Knowledge of the binding interactions eventually may be used to prevent the expulsion of drugs from cells. Drug designers might take advantage of a possible inverse relationship between binding affinity and ease of being expelled, Brennan suggests. Or they could consider blocking entry to the binding pocket. It's a tough problem, he says.

For now, the new results suggest that AcrB acts like an elevator: Several small molecules board, the protein moves and ejects the molecules, and then AcrB reverts to its former shape and gets boarded again.

According to Koshland, AcrB is associated with two other proteins outside the cell: AcrA, which is known to be essential for the pumping action, and TolC. The movement of ligand-loaded AcrB, the researchers suggest, brings it closer to AcrA, and the ligands are pushed from AcrB to TolC and out of the cell. "That's how we think the drug goes from the inside to the outside of the cell," he says.

The hypothesis is supported by findings that removal of TolC knocks out the pump.

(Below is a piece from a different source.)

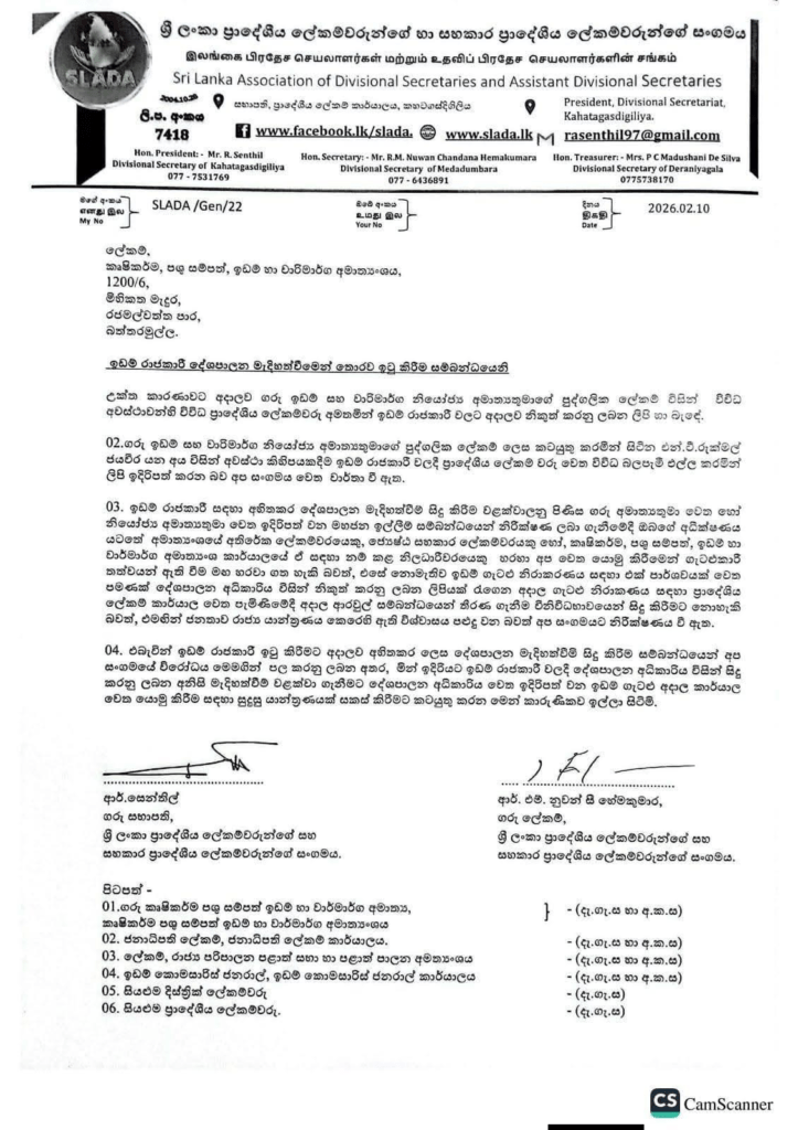 ඉඩම් රාජකාරී ඉටු කිරීමට අදාළව සිදුකරන අහිතකර දේශපාලන මැදිහත්වීම් සම්බන්ධයෙන් සිය විරෝධය පළ කරන බව ශ්රී ලංකා ප්රාදේශීය ලේකම්වරුන්ගේ හා සහකාර ප්රාදේශීය ලේකම්වරුන්ගේ සංගමය පවසයි.

Another consequence of the hypothesis, if true, is that overproducing AcrB should lead to cell death because even essential molecules would be expelled. This prediction is being borne out by preliminary studies by Nikaido and coworkers, Koshland says.

The mechanism suggested by the bacterial AcrB pump should hold for other similar pumps, Koshland believes. "It's only a guess at the moment," he says. "But it's a good guess."